Scientists at the European Organization for Nuclear Research (CERN) recently released news of having observed particles moving faster than the speed of light.
The international scientific community is currently racing to corroborate or refute that statement.
As usual, the noble caution and humility of the scientist is in plain view, with several throats cleared to remind us that the task at hand is one of meticulous verification and not of high-flown commentary.
Still, some such commentary has managed to surface. Apparently, the finding goes so much against contemporary scientific orthodoxy that several physicists are willing to bet blindly against its truth.

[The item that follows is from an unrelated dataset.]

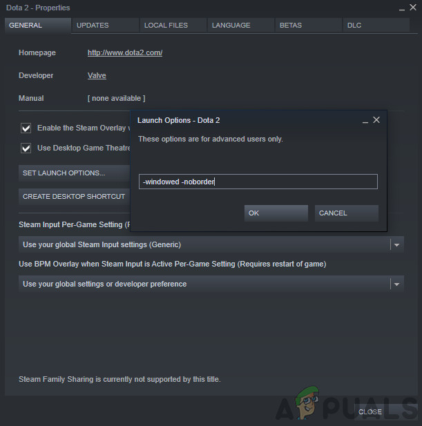 - Set the launch options to “-windowed -noborder”. Press OK to save changes and exit.

Jim Al-Khalili of the University of Surrey said, “If the CERN experiment proves to be correct and neutrinos have broken the speed of light, I will eat my boxer shorts on live TV.”
Brian Greene of Columbia University said, “I would bet just about everything I hold dear that this won’t hold up to scrutiny.”
The scientific community combusts over a potential discovery of magnitude like this once in a while, and it always leaves me frustrated.
It is reminiscent of the devastation I felt upon hearing Richard Feynman’s Messenger Lectures wherein he asserted that it is simply impossible to have any deep appreciation of the grandeur of reality without a sure grasp of mathematics. One can hear echoes of Galileo’s “It (the universe) is written in the mathematical language.”
The fact is, the majority of us who are not versed in the sciences are by default exempted from some of the more vibrant areas of human intellectual endeavor.
We helplessly look at the scientist, whose excited eyes suggest unimaginable vistas and untranslatable secrets, but no amount of patience on his part and desire in ours will give us any full or deep access to his world.
It reminds me of a line from Salman Rushdie, who diagnoses my current situation perfectly as “the dull irritation, the slow anger, of the fool.”